Les chercheurs du cerveau de l'Université de Pennsylvanie ont détaillé des réductions temporaires de la matière grise après une isolement prolongé en Antarctique. Les pertes structurelles étaient les plus apparentes dans les régions régissant la mémoire et le traitement spatial. Des durées de sommeil plus longues et une efficacité de sommeil plus élevée correspondaient à de plus petits changements dans le volume du cerveau.
Les résultats peuvent avoir des implications sur la façon dont les cerveaux des astronautes s'adaptent sous les pressions psychologiques et environnementales des missions de l'espace profond, où l'isolement prolongé, le mouvement limité et le sommeil perturbé sont inhérents à l'expérience.
Le stress chronique modifie le cerveau. Non pas par un seul traumatisme, mais par des pressions environnementales soutenues de températures extrêmes, de confinement social, de monotonie, d'hypoxie et de sommeil irrégulier. De telles conditions convergent dans les vols spatiaux, où les astronautes subissent une exposition prolongée à des environnements isolés, confinés et extrêmes (ICE).

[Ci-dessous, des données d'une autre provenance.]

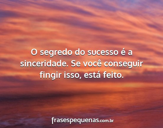 O segredo do sucesso é a sinceridade. Se você conseguir fingir isso, está feito.

Pour comprendre ce que de tels environnements extrêmes imposent à la neuroanatomie humaine, les scientifiques se sont tournés vers un remplaçant terrestre situé à la station Concordia sur le haut plateau de l'Antarctique.
La station Concordia en Antarctique présente une correspondance haute fidélité, combinant une basse pression atmosphérique, une altitude élevée, une monotonie sensorielle et une restriction sociale. Les équipes hivernantes sont confrontées à une perturbation persistante du sommeil, à une tension émotionnelle et à des changements physiologiques, notamment la suppression immunitaire et le ralentissement cognitif.

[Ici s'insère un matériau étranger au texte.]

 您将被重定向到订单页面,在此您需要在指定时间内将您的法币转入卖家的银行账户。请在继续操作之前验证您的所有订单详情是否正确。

Dans l'étude, «la matière grise transitoire décline pendant l'isolement antarctique: rôles du sommeil, de l'exercice et de la cognition», publié dans Microgravité NPJles chercheurs ont conçu une étude d'IRM longitudinale pour sonder les changements de cerveau neuroanatomiques dans deux équipes qui ont terminé les missions d'hiver dans la station Antarctique Concordia.
Les analyses d'IRM ont été effectuées sur deux équipes d'hiver (2015 et 2016) avec 25 membres d'équipage totaux qui ont passé près de 13 mois à la station Concordia. Les analyses ont été effectuées avant le départ (pré), immédiatement après le retour (Post1), et en moyenne cinq mois plus tard (post2). Vingt-cinq participants témoins sains ont été scannés à des intervalles similaires au Centre aérospatial allemand de Cologne.
Le volume de matière grise dans les lobes pariétaux et temporels a diminué de la ligne de base à immédiatement après la mission et est revenu aux niveaux de base à cinq mois de suivi. Le volume de matière grise dans l'hippocampe et le pallidum a également diminué et est revenu à la ligne de base. Le volume dans le thalamus a diminué et est resté inférieur à la ligne de base au suivi.
Des réductions de GM plus importantes ont paradoxalement suivie avec de meilleures performances sur plusieurs tâches cognitives, un résultat que les auteurs ont appelé «dénouillé».
Le volume de la substance blanche a diminué immédiatement après la mission et est revenu à la ligne de base. Le volume des ventricules latéraux, 3e et 4e a augmenté après la mission. Le volume latéral et 3e ventriculaire est resté élevé au suivi. Le volume du 4ème ventricule est revenu à la ligne de base. Le volume du liquide céphalorachidien n'a pas changé.
Un meilleur sommeil était systématiquement associé à la préservation du volume de matière grise dans le lobe temporal, le lobe pariétal et l'hippocampe. L'utilisation du gymnase avec des niveaux élevés d'effort physique était systématiquement associé à la préservation du volume cérébral.
Les auteurs concluent que la plupart des altérations cérébrales induites par l'isolement prolongé de l'Antarctique inversent en quelques mois et que l'hygiène du sommeil et l'activité physique vigoureuse peuvent servir de contre-mesures pratiques.
Alors que les agences spatiales planifient des missions plus longues et que la surface prolongée reste sur la lune ou sur Mars, la préservation de la santé du cerveau dans les environnements de glace devient une priorité opérationnelle.
Écrit pour vous par notre auteur Justin Jackson, édité par Sadie Harley, et vérifié et révisé par Andrew Zinin – cet article est le résultat d'un travail humain minutieux. Nous comptons sur des lecteurs comme vous pour garder le journalisme scientifique indépendant en vie. Si ce rapport vous importe, veuillez considérer un don (surtout mensuel). Vous obtiendrez un sans publicité compte comme un remerciement.